ASSIGNED TASK:
Reproduce the listing word for word. Skip any image.
━━━━━━━━
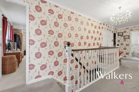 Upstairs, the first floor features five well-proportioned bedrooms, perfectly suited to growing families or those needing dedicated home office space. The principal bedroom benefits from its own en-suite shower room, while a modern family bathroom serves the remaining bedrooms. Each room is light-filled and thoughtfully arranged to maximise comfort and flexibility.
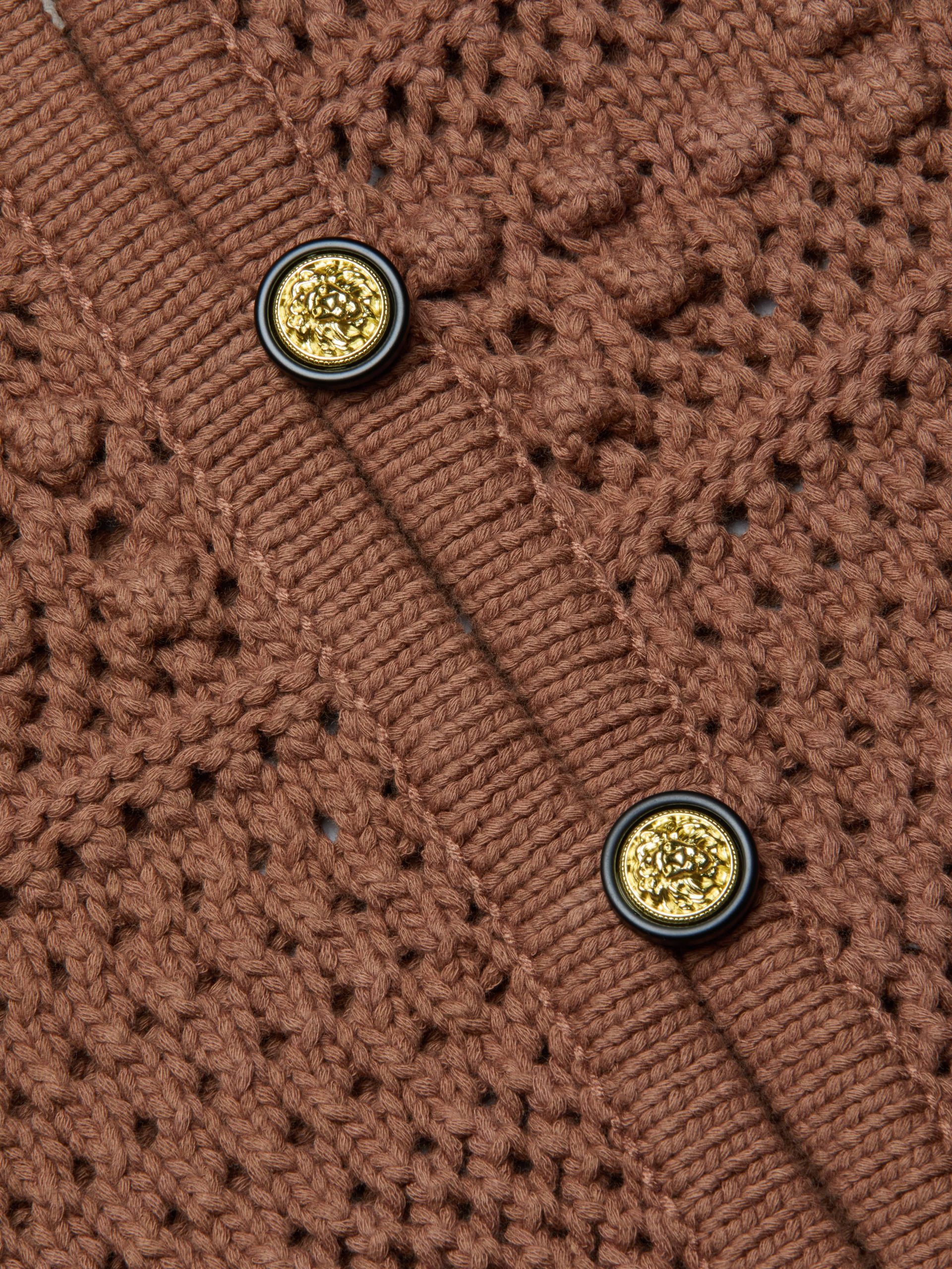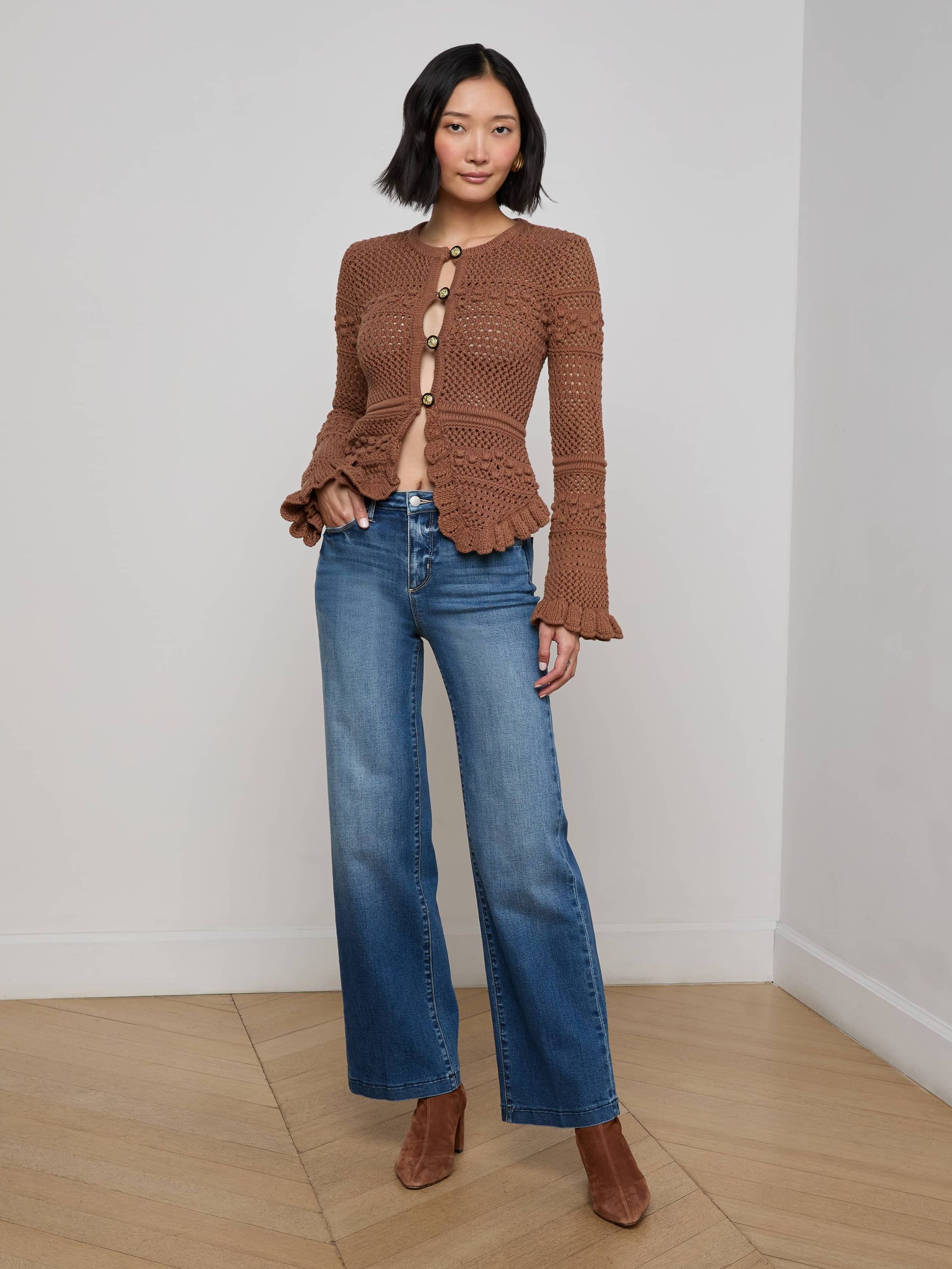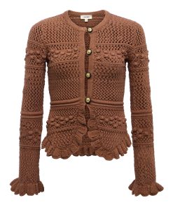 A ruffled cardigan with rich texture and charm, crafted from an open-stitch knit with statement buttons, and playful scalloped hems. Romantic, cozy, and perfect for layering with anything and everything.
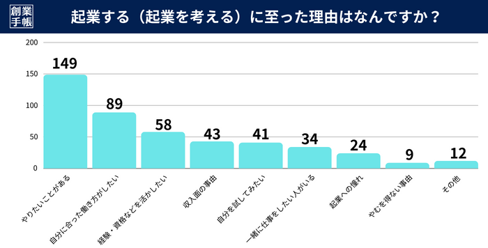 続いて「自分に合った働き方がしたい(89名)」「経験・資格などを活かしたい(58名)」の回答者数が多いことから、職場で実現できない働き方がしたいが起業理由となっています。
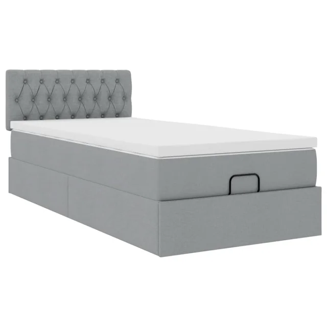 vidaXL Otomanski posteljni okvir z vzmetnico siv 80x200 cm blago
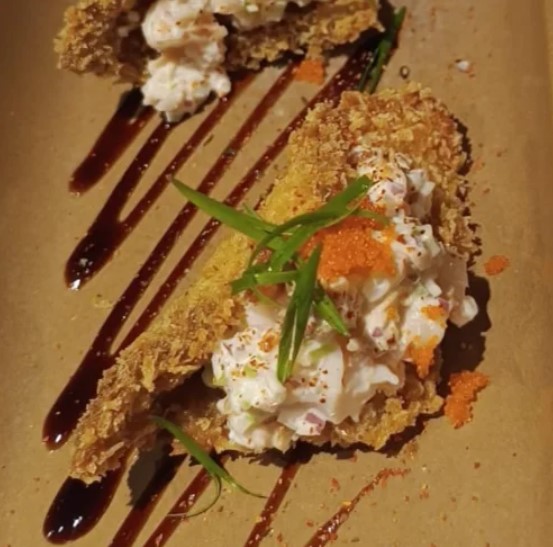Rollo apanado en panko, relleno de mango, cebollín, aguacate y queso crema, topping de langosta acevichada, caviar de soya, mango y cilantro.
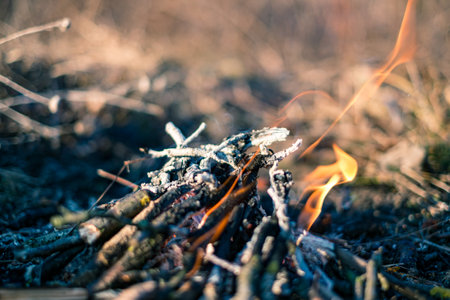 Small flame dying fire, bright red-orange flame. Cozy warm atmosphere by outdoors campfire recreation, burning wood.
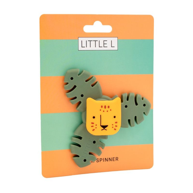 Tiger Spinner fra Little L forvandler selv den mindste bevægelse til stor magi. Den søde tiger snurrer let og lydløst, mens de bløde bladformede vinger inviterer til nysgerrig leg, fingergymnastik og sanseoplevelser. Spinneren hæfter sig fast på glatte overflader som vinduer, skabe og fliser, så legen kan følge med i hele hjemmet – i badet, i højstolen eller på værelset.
━━━━━━━━
EXERCISE RESPONSE:
 Upstairs, the first floor features five well-proportioned bedrooms, perfectly suited to growing families or those needing dedicated home office space. The principal bedroom benefits from its own en-suite shower room, while a modern family bathroom serves the remaining bedrooms. Each room is light-filled and thoughtfully arranged to maximise comfort and flexibility.
 A ruffled cardigan with rich texture and charm, crafted from an open-stitch knit with statement buttons, and playful scalloped hems. Romantic, cozy, and perfect for layering with anything and everything.
 続いて「自分に合った働き方がしたい(89名)」「経験・資格などを活かしたい(58名)」の回答者数が多いことから、職場で実現できない働き方がしたいが起業理由となっています。
 vidaXL Otomanski posteljni okvir z vzmetnico siv 80x200 cm blago
Rollo apanado en panko, relleno de mango, cebollín, aguacate y queso crema, topping de langosta acevichada, caviar de soya, mango y cilantro.
 Small flame dying fire, bright red-orange flame. Cozy warm atmosphere by outdoors campfire recreation, burning wood.
 Tiger Spinner fra Little L forvandler selv den mindste bevægelse til stor magi. Den søde tiger snurrer let og lydløst, mens de bløde bladformede vinger inviterer til nysgerrig leg, fingergymnastik og sanseoplevelser. Spinneren hæfter sig fast på glatte overflader som vinduer, skabe og fliser, så legen kan følge med i hele hjemmet – i badet, i højstolen eller på værelset.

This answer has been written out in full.